What is being asked —
Exactly the lines from the one containing "Taft Aloe Boost" through the end of the listing must make up the answer, with no pictures included.

Recorded information —

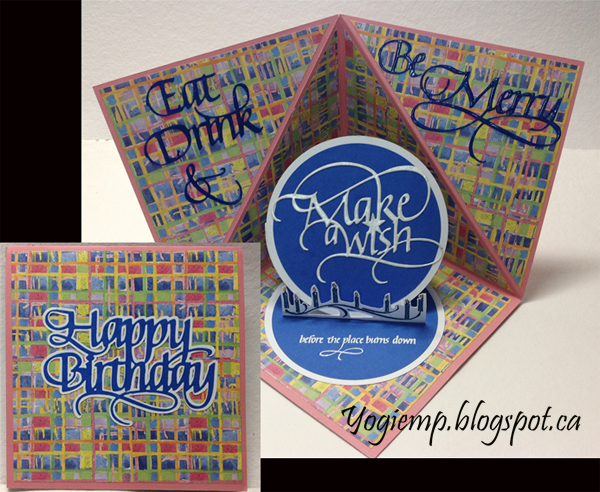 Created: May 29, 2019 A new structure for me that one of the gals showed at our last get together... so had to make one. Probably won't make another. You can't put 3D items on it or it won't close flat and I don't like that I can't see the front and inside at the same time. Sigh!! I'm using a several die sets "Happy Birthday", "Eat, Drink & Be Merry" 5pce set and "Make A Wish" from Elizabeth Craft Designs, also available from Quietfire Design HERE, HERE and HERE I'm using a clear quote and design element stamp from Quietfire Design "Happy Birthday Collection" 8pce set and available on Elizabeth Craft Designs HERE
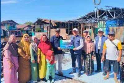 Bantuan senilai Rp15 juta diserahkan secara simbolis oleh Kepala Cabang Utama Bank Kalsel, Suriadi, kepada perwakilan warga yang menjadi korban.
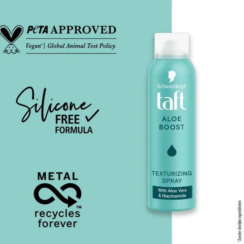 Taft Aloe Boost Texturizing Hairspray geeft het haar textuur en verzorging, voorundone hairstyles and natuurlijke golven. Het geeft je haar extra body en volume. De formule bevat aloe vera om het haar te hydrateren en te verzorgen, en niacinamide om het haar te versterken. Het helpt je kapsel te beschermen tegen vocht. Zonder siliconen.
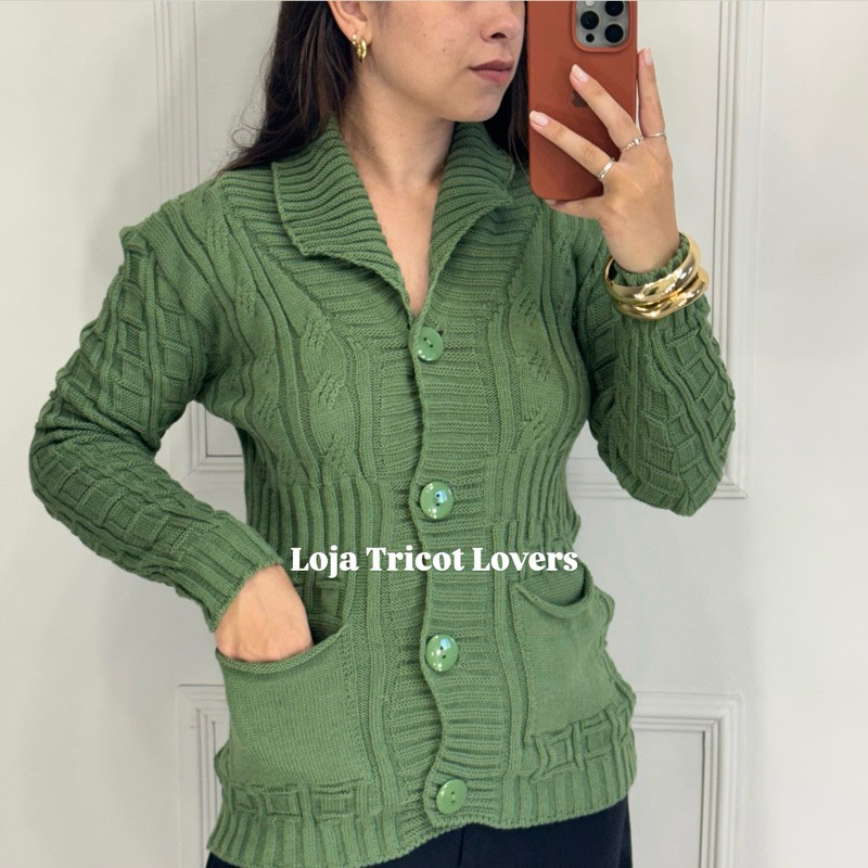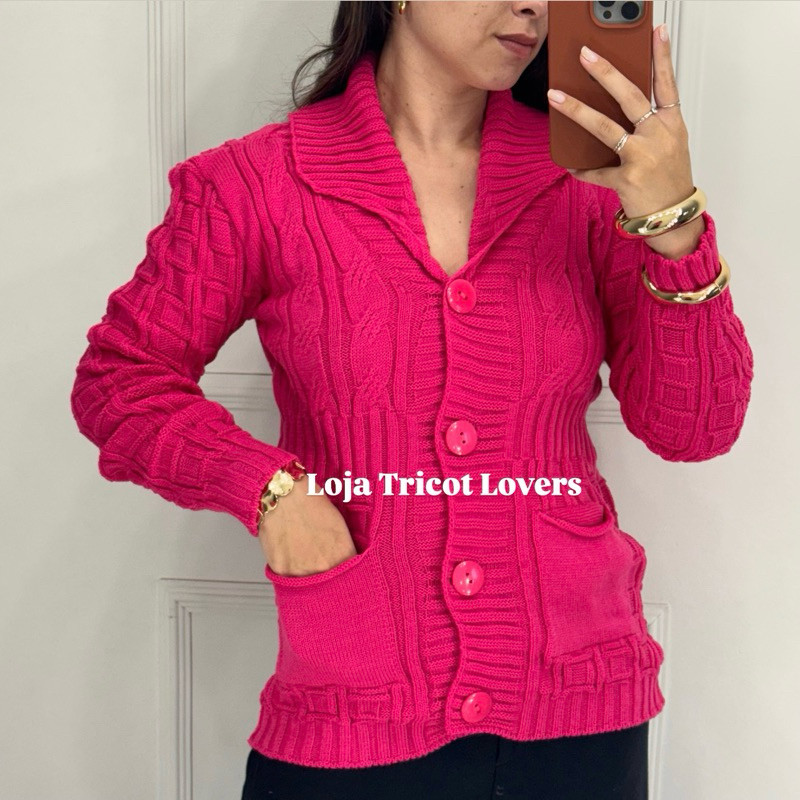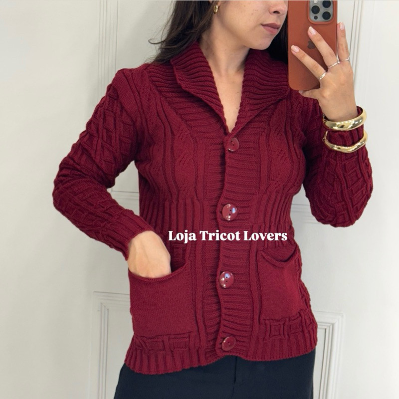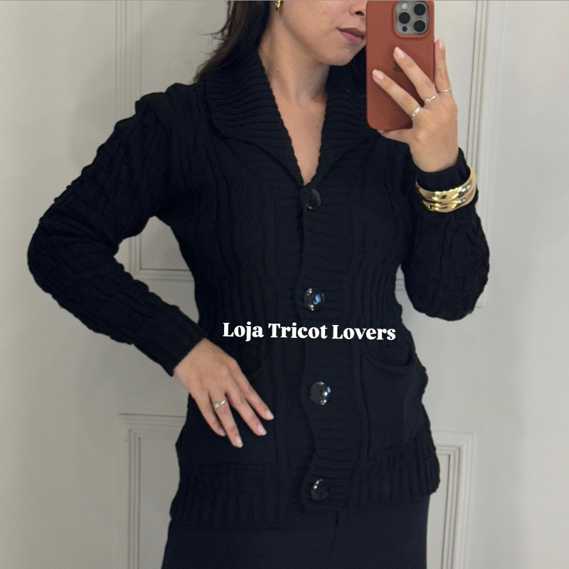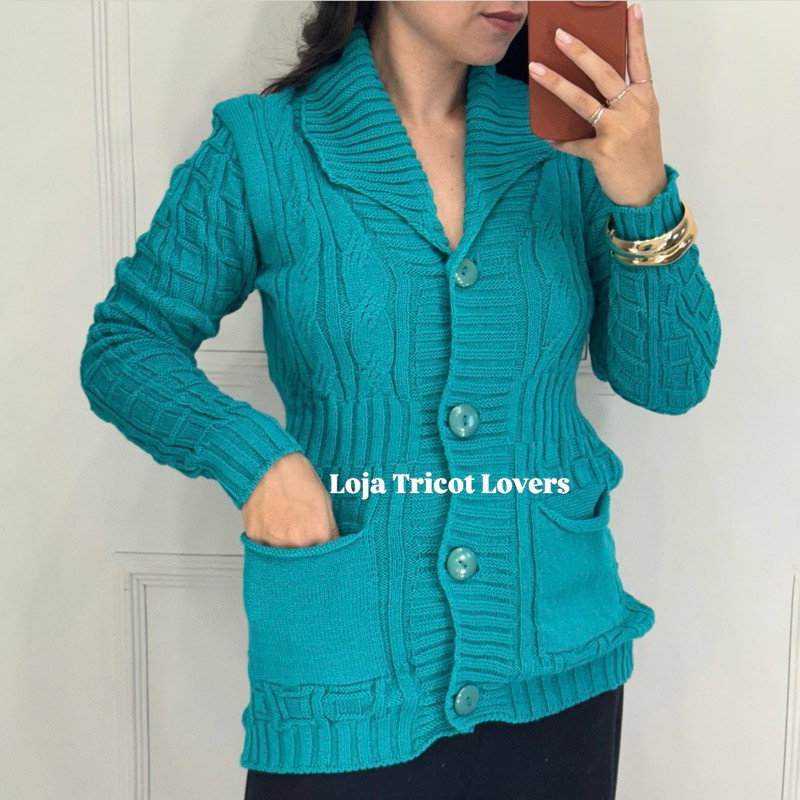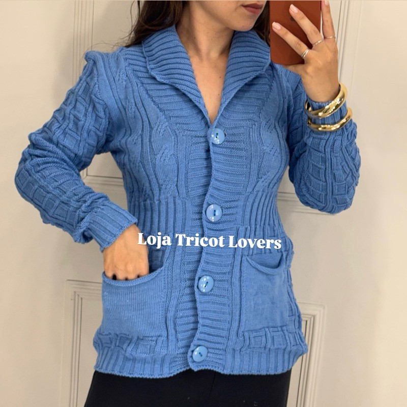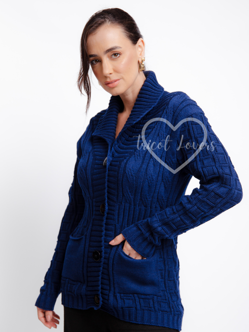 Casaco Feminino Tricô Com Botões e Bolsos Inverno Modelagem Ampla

Task output —
 Taft Aloe Boost Texturizing Hairspray geeft het haar textuur en verzorging, voorundone hairstyles and natuurlijke golven. Het geeft je haar extra body en volume. De formule bevat aloe vera om het haar te hydrateren en te verzorgen, en niacinamide om het haar te versterken. Het helpt je kapsel te beschermen tegen vocht. Zonder siliconen.
 Casaco Feminino Tricô Com Botões e Bolsos Inverno Modelagem Ampla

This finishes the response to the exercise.